Often, a question doesn’t have an easy answer in the digital advertising business. This is a column devoted to an answer to a single question or topic – and providing a bit of space for it.
Today’s participant is George John is CEO of Rocket Fuel, Inc., an online advertising network. He recently answered the following the question in a conversation with AdExchanger.com…
AdExchanger.com: What are the characteristics of the ideal startup employee?
GJ: First, let me start with this vibe that exists in Silicon Valley…. and some guys that talk about The Lean Startup. Eric Ries came up with it.
I think The Lean Startup misses what I think is the right approach, which is that it’s more The Scientific Startup – or a series of experiments and you’d have to have some idea of decision analysis around those. Like which experiments do you want to do versus which bets are you comfortable making? There’s really no way to test it besides building it, and that’s not a lean operation.
So in terms of the ideal employee in that framework, in my experience, there are different classes of roles within the startup that require either energy or expertise in different mixtures.
For example, really smart people can be told how display advertising works and they’ll be very creative at architecting solutions for some of our customers.
But, there are other roles where you need expertise. You’re not going to take a really smart person and have him or her build a Hadoop data grid just by reading a book – so hiring lean doesn’t necessarily work.
The most important characteristics to me are actually intellectual honesty and courage – meaning, in a startup there are things that are going to work well and things that aren’t. That’s where the experiments come in.
Startup employees need to be honest with themselves: “We tried this new thing and it could’ve been so much better, but we didn’t notice X,” – whatever X was. Just being able to raise your hand and say, “OK, we should learn from this.” That’s key.
Also, it takes some courage to be able to tell somebody, “What you just did there, that didn’t work.”
My feeling is that when companies have difficulty executing, it’s less about being able to execute in a direction, and more about, how can you speed up this loop? This is Eric Ries’ point about Lean Startup. How can you speed up the loop where you notice things and then address them?
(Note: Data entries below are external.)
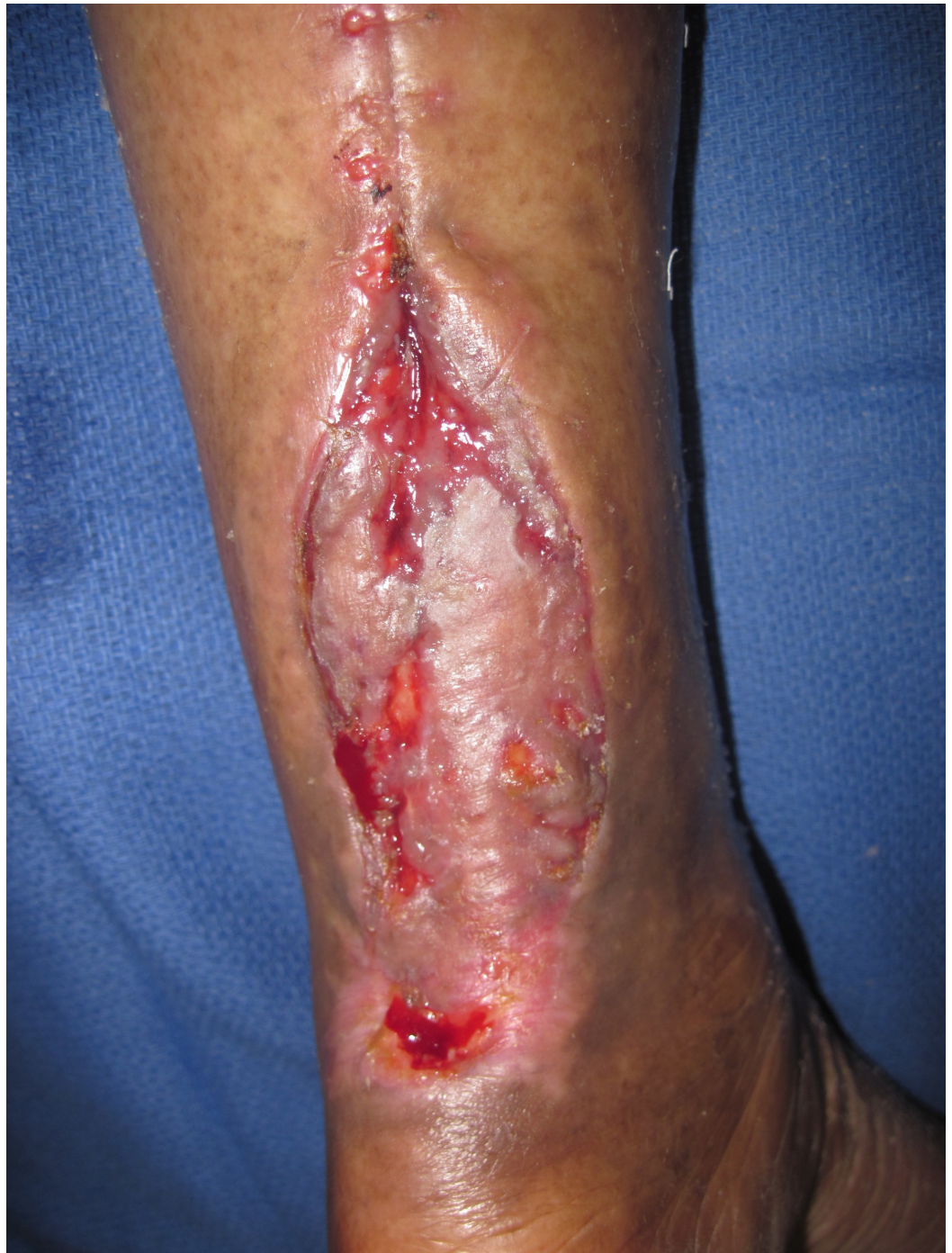
FIGURE 4: Treated with NPWTi-d and skin graft. Note a good skin graft has taken over much of the tendon.

NPWTi-d: negative pressure wound therapy with instillation and dwell time
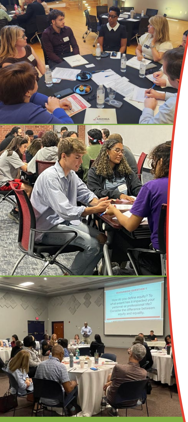
Top to bottom and right: Participants engage in discussions at town halls at Phoenix and Tucson.
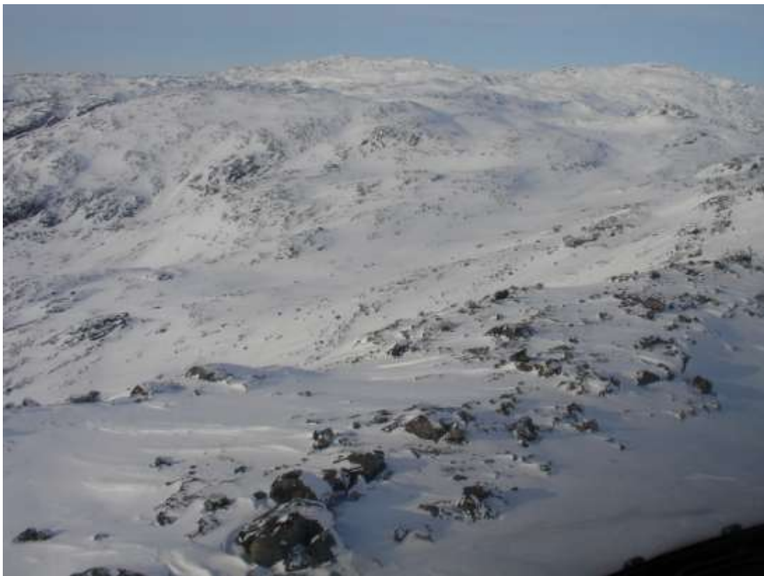
Figure 93. Transect 56, view NW, 10 March 2010.

I’d say the key part is “noticing.” Startups talk about drinking their own Kool‑Aid. Ironically, the most important thing is to not do that. That’s the only way you can improve.
So, smart, honest, courageous – these are characteristics I’d look for.
But, there’s another flavor of the ideal employee – someone who is very intellectually curious. In fact, they may even aspire to join another private company or start their own company someday. The ones that really want to learn a lot are excellent, because you can nourish them really well in a private company environment.